Application Category

📝 Abstract

Coding agents are becoming increasingly capable of completing end-to-end software engineering workflows that previously required a human developer, including raising pull requests (PRs) to propose their changes. However, we still know little about how these agents use libraries when generating code, a core part of real-world software development. To fill this gap, we study 26,760 agent-authored PRs from the AIDev dataset to examine three questions: how often do agents import libraries, how often do they introduce new dependencies (and with what versioning), and which specific libraries do they choose?

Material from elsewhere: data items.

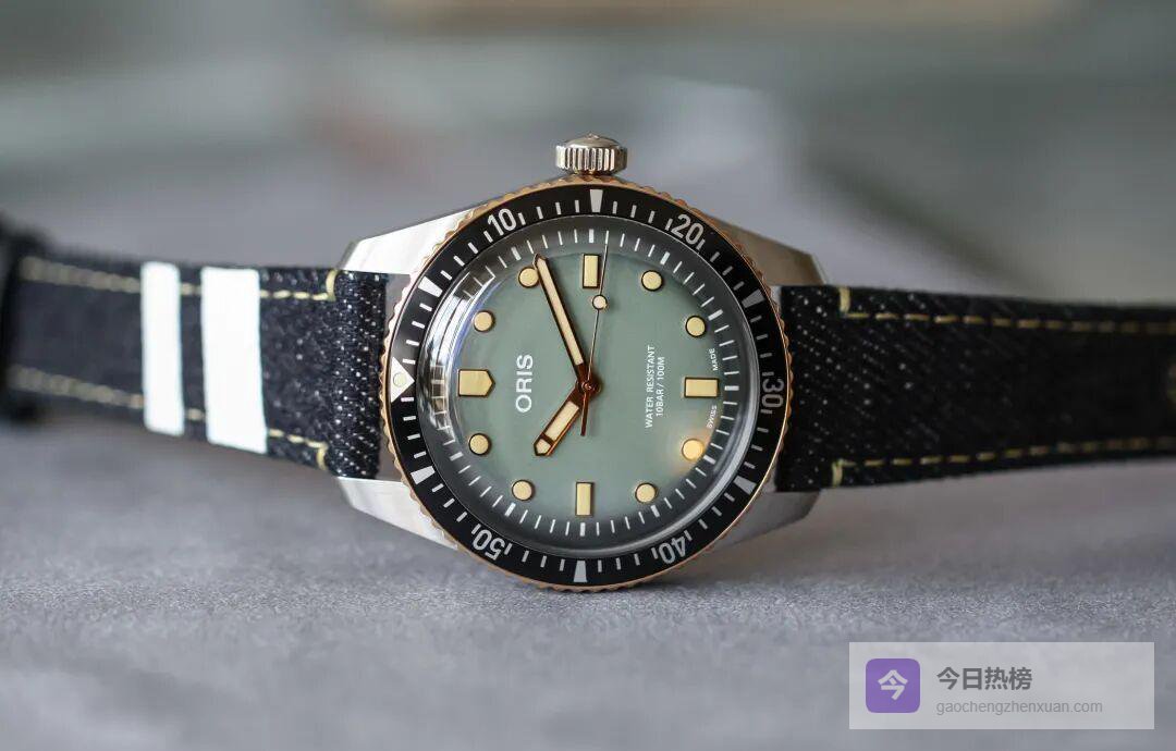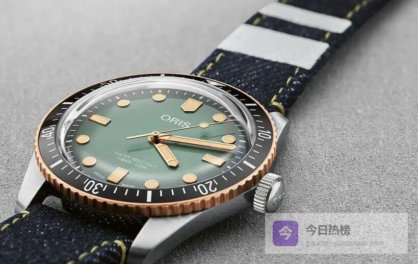 当“复刻”成为潮流,ORIS 把 Divers 65 与日本丹宁品牌桃太郎联名,两条白色条纹直接把日系街头感拉满。40 mm 青铜圈搭配翡翠绿渐变盘,第一次出现在 Divers 65 上,蓝宝石玻璃压阵,坚固与颜值双赢。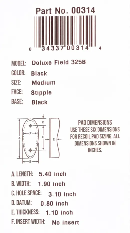 Černá protiskluzová botka s černou základnou Pachmayr F325 Deluxe je oblíbená pro svůj klasický vzhled a výkonné tlumení zpětného rázu. Pro brokovnici nebo pušku.
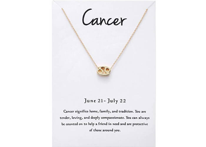 8930 People love thisGet her this amazingly bold, light-weight, sparkling gold-toned chain as a precious cancer gift on her birthday. It is handmade and finely detailed featuring small Capricorns. It also comes with a message card hence you will not waste time looking for sweet words to go with the chain.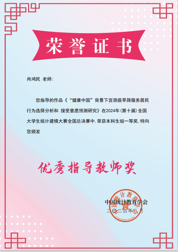 此赛事吸引了来自全国各地的众多高校参赛,竞争异常激烈。荣获本科组全国一等奖团队通过深入的数据分析和精确的模型构建,开展了《“健康中国”背景下宫颈癌早筛服务居民行为选择分析和接受意愿预测研究》,展示了团队在统计建模领域的卓越能力和团队合作精神,评委们对他们的作品给予了高度评价,不仅为学校争得了荣誉,也为团队成员的学术生涯增添了浓墨重彩的一笔。beat365亚洲体育投注肖鸿民教授同时获得了“优秀指导教师“的殊荣。

We find that agents often import libraries (29.5% of PRs) but rarely add new dependencies (1.3% of PRs); and when they do, they follow strong versioning practices (75.0% specify a version), an improvement on direct LLM usage where versions are rarely mentioned. Generally, agents draw from a surprisingly diverse set of external libraries, contrasting with the limited "library preferences" seen in prior non-agentic LLM studies. Our results offer an early empirical view into how AI coding agents interact with today's software ecosystems.

Problem

Research questions and friction points this paper is trying to address.

Analyze library import frequency in agent-authored pull requests.

Examine new dependency introduction and versioning practices by agents.

Identify specific library choices and diversity in agent-generated code.

Innovation

Methods, ideas, or system contributions that make the work stand out.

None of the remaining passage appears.